Data extracted from a collection
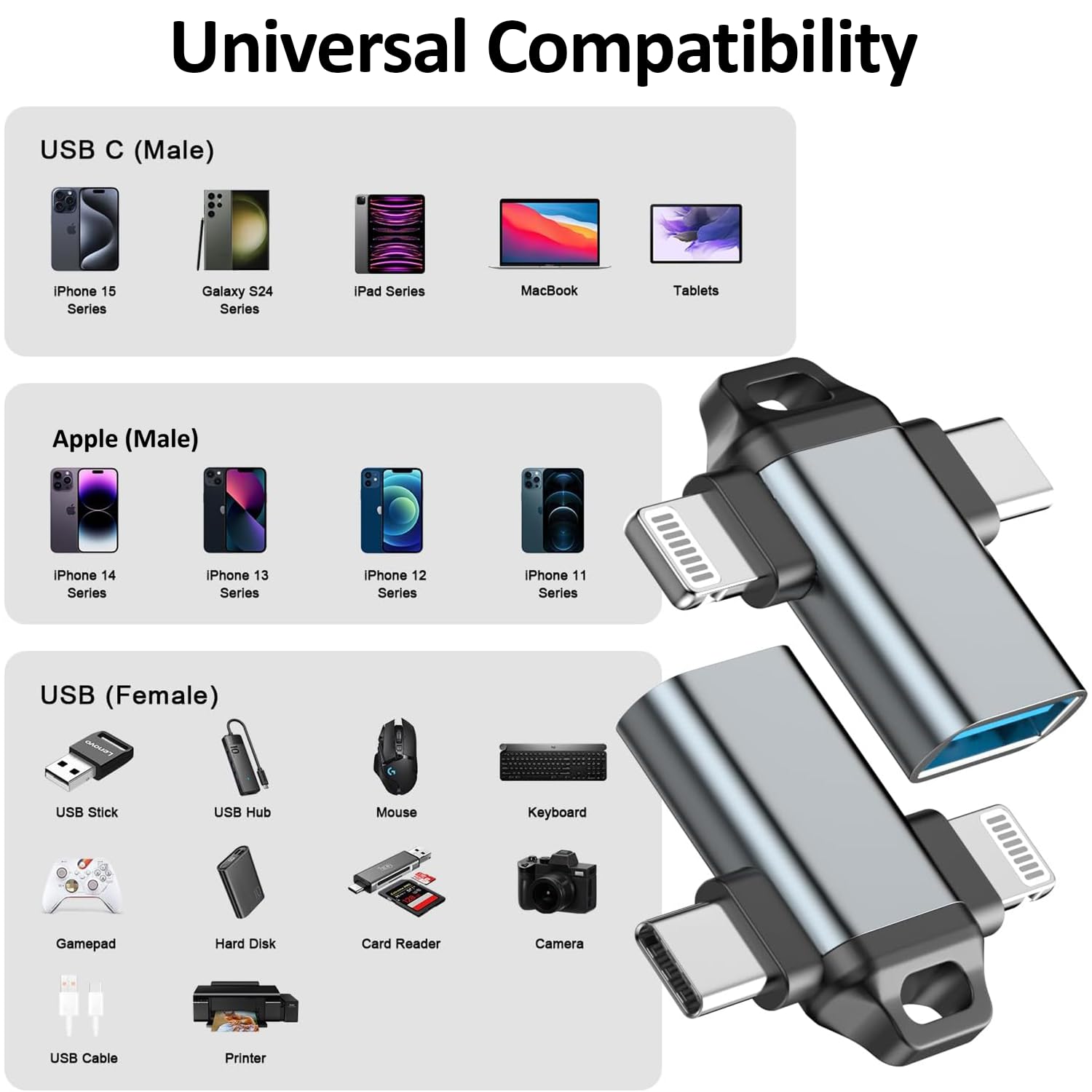 ►UNIVERSAL COMPATIBILITY: Compatible with iPhone 17/17 Plus/17 Pro/17 Pro Max, 16/16 Plus/16 Pro/16 Pro Max,15/15 Plus/15 Pro/15 Pro Max, iPhone 14/14 Plus/14 Pro/14 Pro Max/13/13 Mini/13 Pro/13 Pro Max/12/12 Mini/12 Pro/12 Pro Max/11/11 Pro/11Pro Max/XS, iPad Pro/Mini/Air, MacBook Air/Pro, Galaxy S25/S25+/S25 Ultra, Galaxy S24/S24+/S24 Ultra/S23/S23+/S23 Ultra/S22/S22+/S22 Ultra/S21/S20/S10, Pixel 8/7/6/5/4/3/2 XL and more. Please note that this OTG Adapter supports only iOS 13 or later systems
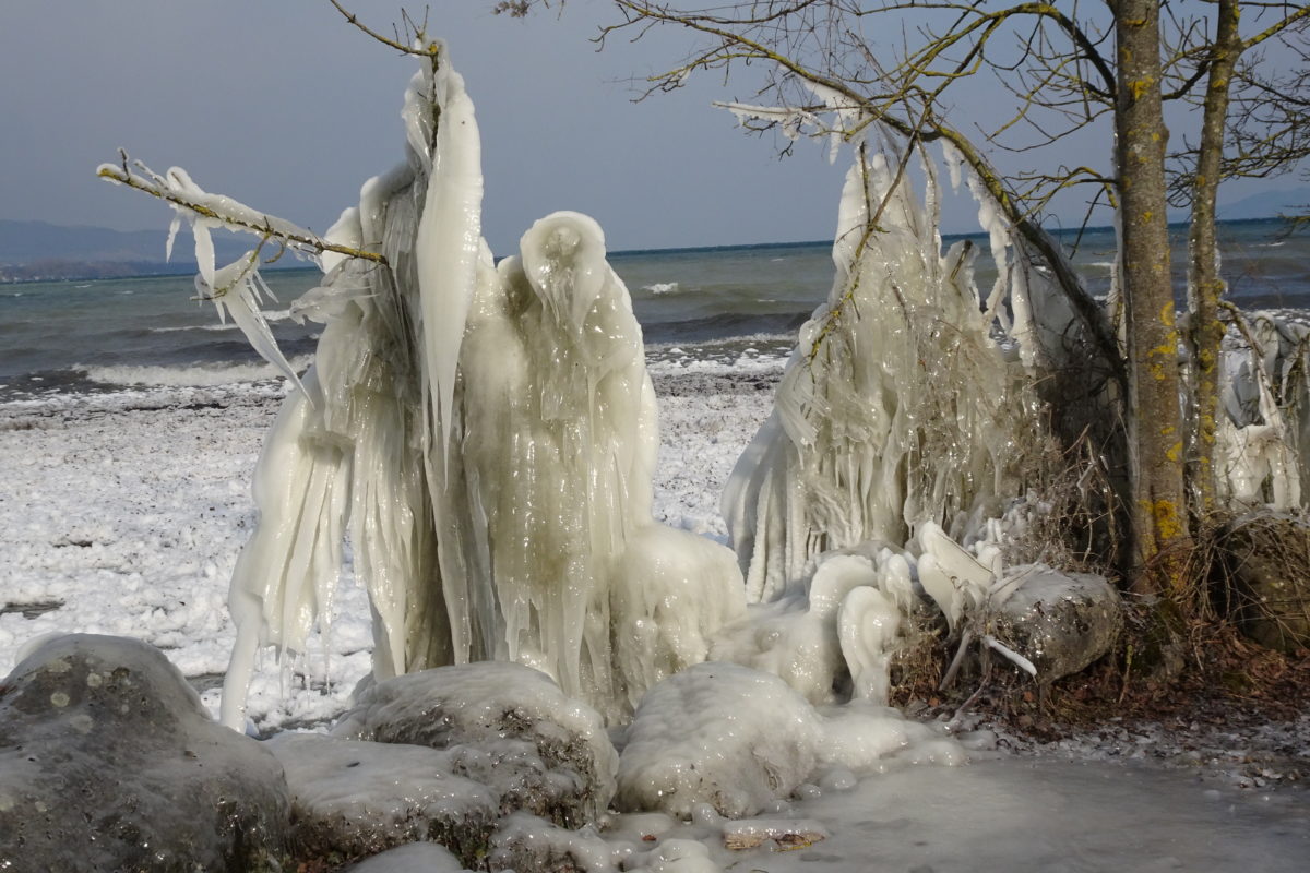 Entre Thièle et Mujon, la rive du lac a fait l’objet de remblaiements dans les années 70, ajoutant une grande surface de terrain pour une arborisation naturelle formant un écran contre la bise parfois violente pour les habitants du quartier. Si l’hiver est quelque peu rigoureux, cette bise peut aussi engendrer d’admirables sculptures de glace… En été, cet empiétement sur le lac offre la possibilité de jolies promenades et un terrain de jeu pour les enfants.
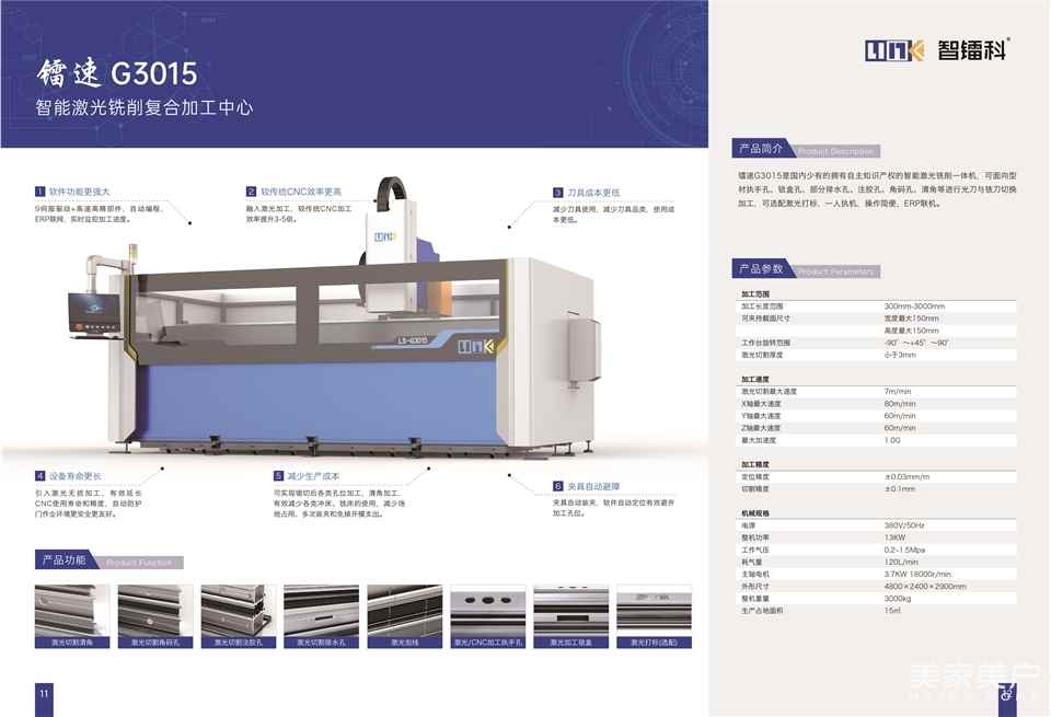 該設備的軟件功能更強大,較傳統CNC效率更高,刀具成本更低,設備壽命更長,減少生產成本,還可實現夾具自動避障。 產品功能:激光切割清角;激光切割角碼孔;激光切割注膠孔;激光切割排水孔;激光劃線;激光、CNC加工執手孔;激光加工鎖盒;激光打標(選配)。
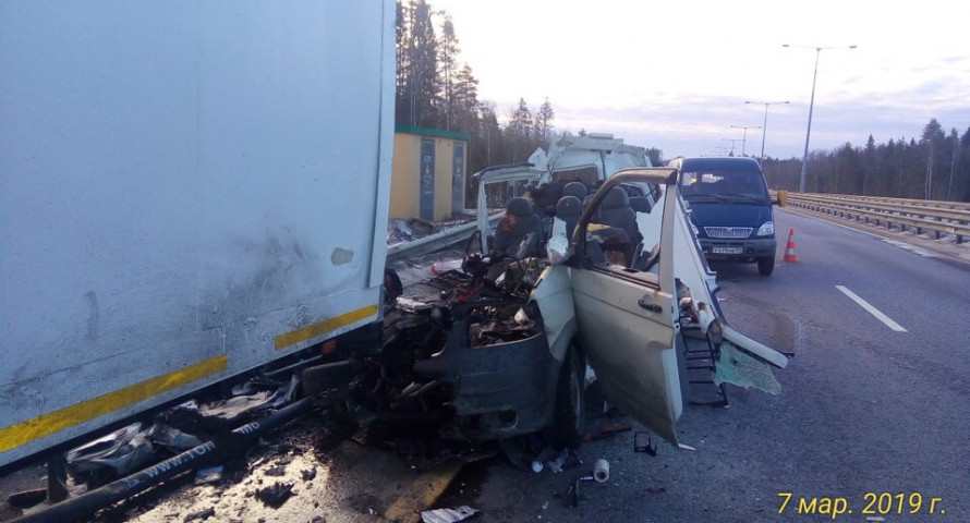 Утром 7 марта на М11 столкнулись КамАЗ и Фольксваген Транспортер.
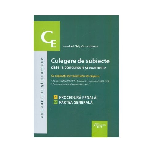 Culegere de subiecte date la concursuri si examene cu explicatii ale variantelor de raspuns. 4. Procedura penala. Parte generala - Ioan-Paul Chis, Victor Vaduva
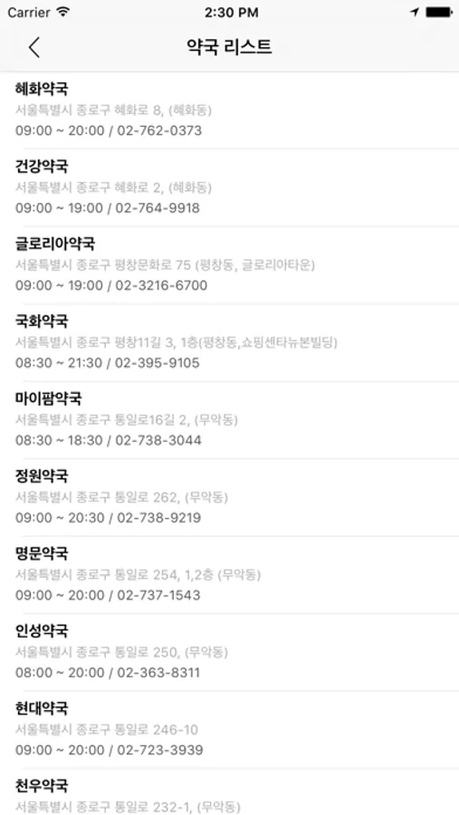 - 특정 주소를 선택하여 그 지역에 있는 모든 약국을 확인할 수 있습니다.
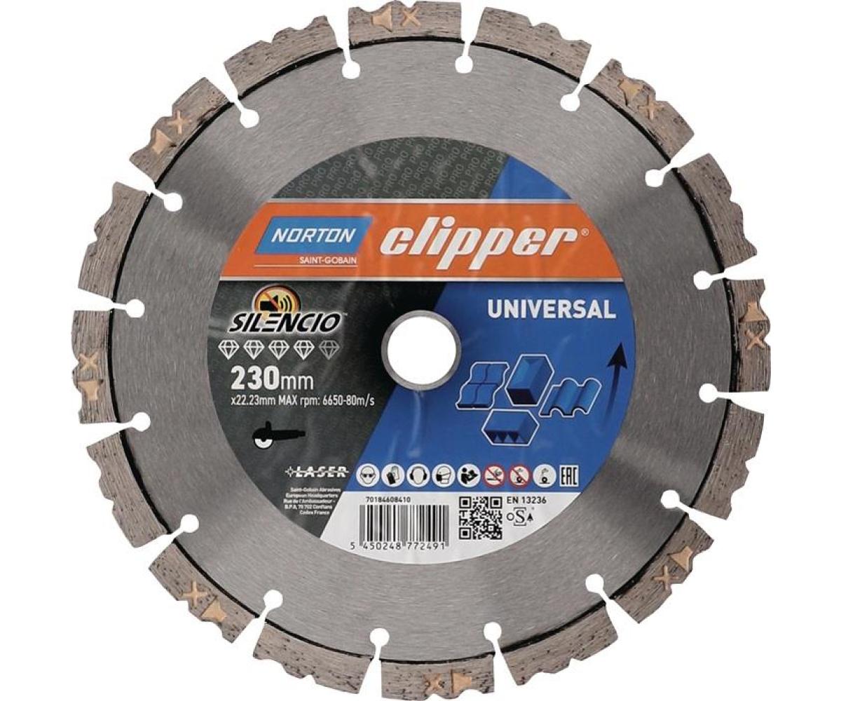 reduziert die wahrgenommenen Lärmemissionen dank eines speziellen Stahlkerns um bis zu acht Mal (-9 dB(A)) im Vergleich zu herkömmlichen Scheiben · mit 12 mm hohen Segmenten für eine längere Produktlebensdauer · ideal für Beton und alle allgemeinen Baumaterialien, erreicht einen schnellen, effizienten Schnitt mit reduziertem Lärmpegel für geräuschempfindliche Arbeitsumgebungen
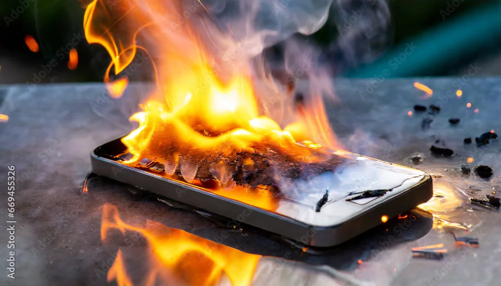 Burning smartphone exploding after overcharging battery with flames and smoke that destroy the melting smart phonewith flames and smoke that destroy the ...

**What to work on:** The pictures stay out of the copy. Set down the entries above precisely.

**Solution to this exercise:**
 ►UNIVERSAL COMPATIBILITY: Compatible with iPhone 17/17 Plus/17 Pro/17 Pro Max, 16/16 Plus/16 Pro/16 Pro Max,15/15 Plus/15 Pro/15 Pro Max, iPhone 14/14 Plus/14 Pro/14 Pro Max/13/13 Mini/13 Pro/13 Pro Max/12/12 Mini/12 Pro/12 Pro Max/11/11 Pro/11Pro Max/XS, iPad Pro/Mini/Air, MacBook Air/Pro, Galaxy S25/S25+/S25 Ultra, Galaxy S24/S24+/S24 Ultra/S23/S23+/S23 Ultra/S22/S22+/S22 Ultra/S21/S20/S10, Pixel 8/7/6/5/4/3/2 XL and more. Please note that this OTG Adapter supports only iOS 13 or later systems
 Entre Thièle et Mujon, la rive du lac a fait l’objet de remblaiements dans les années 70, ajoutant une grande surface de terrain pour une arborisation naturelle formant un écran contre la bise parfois violente pour les habitants du quartier. Si l’hiver est quelque peu rigoureux, cette bise peut aussi engendrer d’admirables sculptures de glace… En été, cet empiétement sur le lac offre la possibilité de jolies promenades et un terrain de jeu pour les enfants.
 該設備的軟件功能更強大,較傳統CNC效率更高,刀具成本更低,設備壽命更長,減少生產成本,還可實現夾具自動避障。 產品功能:激光切割清角;激光切割角碼孔;激光切割注膠孔;激光切割排水孔;激光劃線;激光、CNC加工執手孔;激光加工鎖盒;激光打標(選配)。
 Утром 7 марта на М11 столкнулись КамАЗ и Фольксваген Транспортер.
 Culegere de subiecte date la concursuri si examene cu explicatii ale variantelor de raspuns. 4. Procedura penala. Parte generala - Ioan-Paul Chis, Victor Vaduva
 - 특정 주소를 선택하여 그 지역에 있는 모든 약국을 확인할 수 있습니다.
 reduziert die wahrgenommenen Lärmemissionen dank eines speziellen Stahlkerns um bis zu acht Mal (-9 dB(A)) im Vergleich zu herkömmlichen Scheiben · mit 12 mm hohen Segmenten für eine längere Produktlebensdauer · ideal für Beton und alle allgemeinen Baumaterialien, erreicht einen schnellen, effizienten Schnitt mit reduziertem Lärmpegel für geräuschempfindliche Arbeitsumgebungen
 Burning smartphone exploding after overcharging battery with flames and smoke that destroy the melting smart phonewith flames and smoke that destroy the ...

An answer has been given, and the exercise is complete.